**WHAT IS REQUIRED:** Starting with the first line below, extract each line through the one that contains "Si tienes un", inclusive, excluding pictures.

**THE DATA:**
======

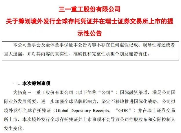 昨日晚間,三一重工發(fā)布公告稱(chēng),為拓寬三一重工股份有限公司(以下簡(jiǎn)稱(chēng)“公司”)國(guó)際融資渠道,滿足公司國(guó)際業(yè)務(wù)發(fā)展需要,進(jìn)一步加強(qiáng)全球品牌影響力,堅(jiān)定不移地推進(jìn)國(guó)際化戰(zhàn)略,公司擬境外發(fā)行全球存托憑證(GlobalDepositoryReceipts,“GDR”)并在瑞士證券交易所上市。
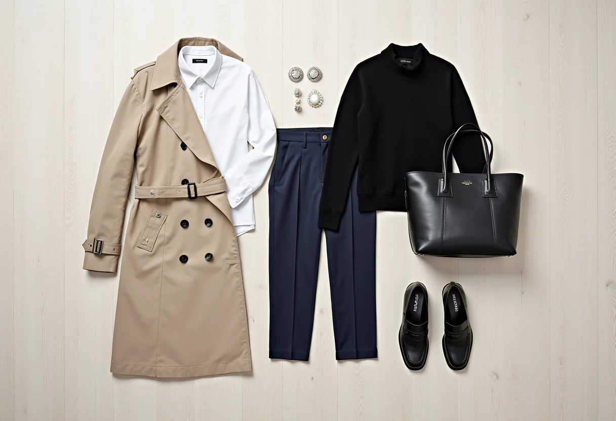 Peças ClássicasCalça de alfaiataria, camisa branca, blazer, trench coat, little black dress.
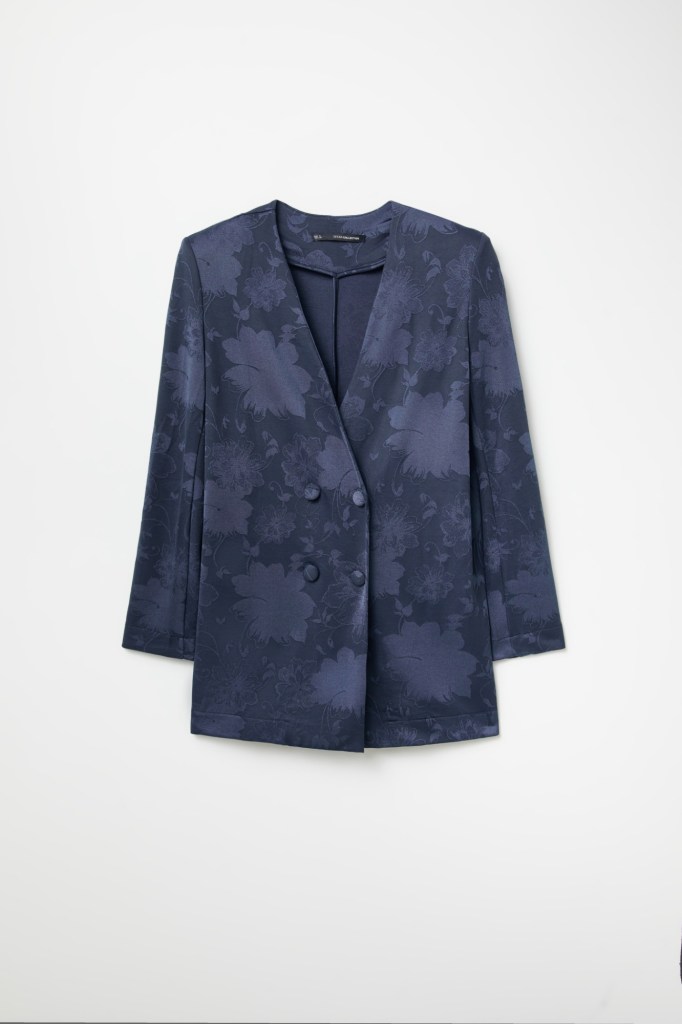 Si tienes un evento importante, esta camisa de Sfera en jaquard azul marino es para ti. Es bonita, cuenta con un diseño cómodo y ancho, un color que disimula y un estampado de flores que adoran las mujeres de +50 años. Es como llevar una blazer pero más ligera y sofisticada y por menos de 30 euros (29,99 euros).
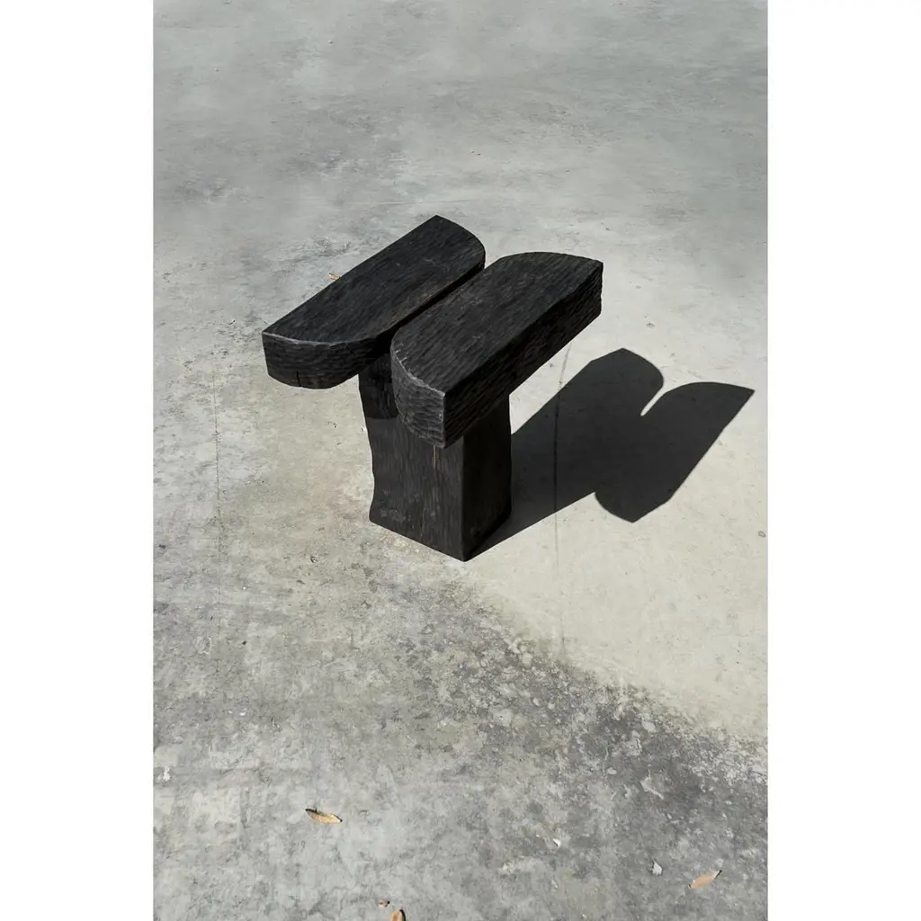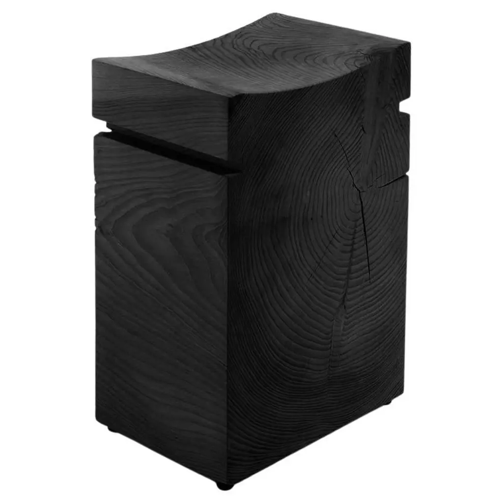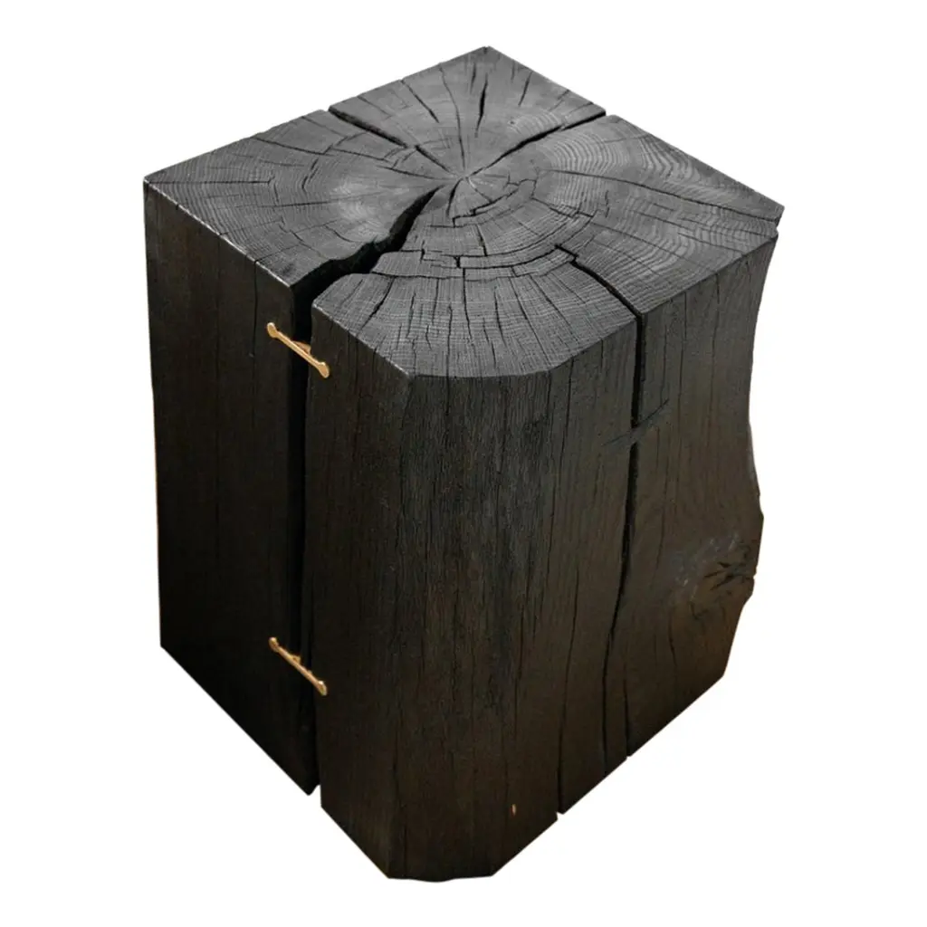 Burnt Black Tables / Stools by Touch With EyesDimensions: W 30 x D 30 x H 45 cmMaterials: Wood washed out by the sea.Weight: 20 Kg. The black tables were made of wood washed out by the sea, burned by fire and covered with oil and wax. The wood was processed by hands without the use of machines. Moving around Europe in the car in which Touch With Eyes set up their workshop, they guys were able to work "on the fly" in fields and on beaches. The surrounding world with its nature became the main source of inspiration and the basis for work. That is how the idea of taking materials for their projects from the environment sprang up: trees and stumps discarded by the sea, shells on beaches and buoys from fishing nets. All these “treasures” were given a new life, new shape and new function, and the audience got the opportunity to feel the sea and the sun, salt and sand, stones and earth.

======

**REPLY TO THE EXERCISE:**
 昨日晚間,三一重工發(fā)布公告稱(chēng),為拓寬三一重工股份有限公司(以下簡(jiǎn)稱(chēng)“公司”)國(guó)際融資渠道,滿足公司國(guó)際業(yè)務(wù)發(fā)展需要,進(jìn)一步加強(qiáng)全球品牌影響力,堅(jiān)定不移地推進(jìn)國(guó)際化戰(zhàn)略,公司擬境外發(fā)行全球存托憑證(GlobalDepositoryReceipts,“GDR”)并在瑞士證券交易所上市。
 Peças ClássicasCalça de alfaiataria, camisa branca, blazer, trench coat, little black dress.
 Si tienes un evento importante, esta camisa de Sfera en jaquard azul marino es para ti. Es bonita, cuenta con un diseño cómodo y ancho, un color que disimula y un estampado de flores que adoran las mujeres de +50 años. Es como llevar una blazer pero más ligera y sofisticada y por menos de 30 euros (29,99 euros).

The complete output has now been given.